Date: Fri, 12 Jan 2007 15:21:52 -0500
Reply-To: Sigurd Hermansen <HERMANS1@WESTAT.COM>
Sender: "SAS(r) Discussion" <SAS-L@LISTSERV.UGA.EDU>
From: Sigurd Hermansen <HERMANS1@WESTAT.COM>
Subject: Re: how to replace SSNs with fake
Content-Type: text/plain; charset="us-ascii"
Best to do this very carefully.... What you call a fake ID will likely
become a surrogate ID for each person's SSN. Someone needs to take
responsibility for maintaining a 'key ring' or crosswalk dataset that
has a surrogate ID and its corresponding SSN in each row.

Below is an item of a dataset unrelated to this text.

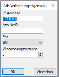- Port: Kommunikationsport der Beckhoff SPS (z. B. 801 für SPS LaufzeitSystem 1)

I'd construct the key ring in two steps. First, create a column of
distinct instances of SSN. In SAS SQL,
create table key as select distinct SSN from <dataset>;
Second, create a non-informative surrogate ID for each distinct SSN:
create table keyRing as select put(ranuni(1773)*100000000,z9.) as
ID,SSN from key;
One can then join the keyring to a dataset on SSN and substitute the ID
for the SSN in a new dataset. Reversing the process restores the SSN
when required for identification of subjects. For the ID I have used a
purely random number that will duplicate if applied to large numbers of
SSN. (Cehck for duplicated ID's.) In the event of duplicates, it will
take a somewhat more complicated process to guarantee distinct ID's.
I've mentioned a Data Privacy By Design paper that a colleague of mine
and I wrote some time back for a CDC conference. It illustrates some of
the uses of surrogate key ID's.
From: firstname.lastname@example.org [mailto:email@example.com]
On Behalf Of Jen
Sent: Friday, January 12, 2007 12:39 PM
Cc: Jennifer Sabatier
Subject: how to replace SSNs with fake
I have a file of information about people and I want to create an id
variable to replace SSN. In this file people have multiple rows, ie,
some SSNs have multiple rows, others don't.
I know this probably a simple request but I couldn't find something
similar in a search.